On the opposing end is his millionaire “dad” who, unlike his real dad, doesn’t have a real job and relies on various business ventures to make himself rich. Although we’re never told if the stories are actually true, what follows is a series of parable like stories taken from the author’s life that show him learning and trying to apply the lessons that were taught to him by his rich dad. Some of these are comical, like the story trying to make coins by melting the lead in empty toothpaste tubes. Obviously Kiyosaki doesn’t recommend that you do this.

What’s Good

Despite some serious flaws, there’s a lot to like about Kiyosaki’s book. Probably the single most important point most people will take away from Rich Dad Poor Dad is the incredibly simple yet powerful idea of prioritizing assets over liabilities. When I read this for the first time, it had such a profound impact on my financial world view that it even influenced the name of this blog.

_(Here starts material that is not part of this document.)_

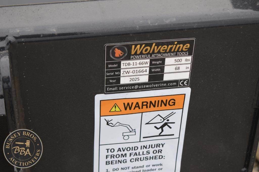 Wolverine Skid Steer Bucket Attachment Skid Steer Mount, smooth bucket, 66in, TDB-11-66W, SN#ZW-01664, NEW/UNUSED

If you’re unfamiliar with these terms, assets (more on this latter) are things you own that make you money (real estate, stocks, bonds, etc) while liabilities are things that cost you money (cars, clothes, etc). One of the author’s more controversial claims is that your home (the one you live in) should be considered a liability since it rarely if ever makes you money (once you factor in all related expenses, like upkeep, property tax, mortgage interest, etc).

Another great point about the book is that it eagerly promotes financial intelligence, urging you to learn as much as you can about various investment vehicles. According to the author, there are opportunities to be found virtually everywhere. It’s just up to you to find them — and to actually pursue those opportunities when they present themselves to you. This is obviously sprinkled with a lot of entrepreneurial spirit, which while scary for many, is never a bad thing.

“Winners are not afraid of losing. But losers are. Failure is part of the process of success. People who avoid failure also avoid success.”

– Robert Kiyosaki

What’s Bad

Perhaps my biggest criticism about the book is the lack of real world examples. Most of the stories given are taken from the author’s youth, which could hardly be applied in the real world — a comic book library? And while it’s clear that the author has had financial success in his own life (based on what he says), it’s never entirely clear how he became successful in the first place. There are a few stories about his investments in real estates, but the few stories he tells could hardly be responsible for his wealth (cynics will say he wasn’t truly rich until he wrote this book, but I digress).

On the other hand, perhaps all of the vagueness is intentional; Kiyosaki might be more interested in teaching you how to discover your own opportunities instead of giving you the successful strategies of other rich people for you to merely imitate. Think of it this way – instead of teaching you which dots you need to connect in order to become rich, the author wants you to know how to recognize your own dots to connect. At that point, it’s up to you to find and connect them. If this is the case, I would say the book is fairly successful.

Another quibble — and this is if only because I’ve taken accounting — is how the writer defines both “assets” and “liabilities”. Whereas the definitions given by the author work perfectly fine for the purposes of the book, they aren’t exactly accurate according to accounting standards (to say the least). If you have no interest in creating/reading balance sheets, however, this probably won’t be an issue for you. But if you’re serious about investing, it would be good to know what assets and liabilities truly are. Just saying’.

Finally, the book has a tendency (whether intentional or not) to promote the idea that rich people are somehow better or more successful than poor people. Granted this is never explicitly said, others have commented on feeling this way as well (just read amazon reviews). Whether this is true or even a bad thing really depends on your perspective, but I would argue that “being better” isn’t what the Financial Independence movement is about. Personally, I would never buy a McMansion even if I could. Financial independence is about being free to pursue your life without having to worry about how you’re going to provide for yourself. It has nothing to do with feeling superior over other people. On this point, at least for me, the book misses the mark.

What’s Ugly

I haven’t consumed any other of the author’s books, and have never attended any of his seminars, which is probably why I feel uncomfortable mentioning this, but I think it’s important to note that some have accused Kiyosaki of being a self-promoter and that this book is really a funnel to get you to spend more money on his other expensive products/services. I can’t really comment on this objectively, since I’ve only ever read this book.

Final Thoughts

Perhaps I’m a little biased, since again this was the first book that got me excited about my personal finances, but I generally like this book. It has it’s share of problems, as most books do, but that does not make it useless as some have described it. My recommendation would be to ignore the investment tips it provides (there are so few anyway) and read it to be inspired and to perhaps look at your personal finances in a different way. If there’s anything to take away from this book, is that it’s a modern, entrepreneurial spin of the old protestant ethic/virtue of self-reliance.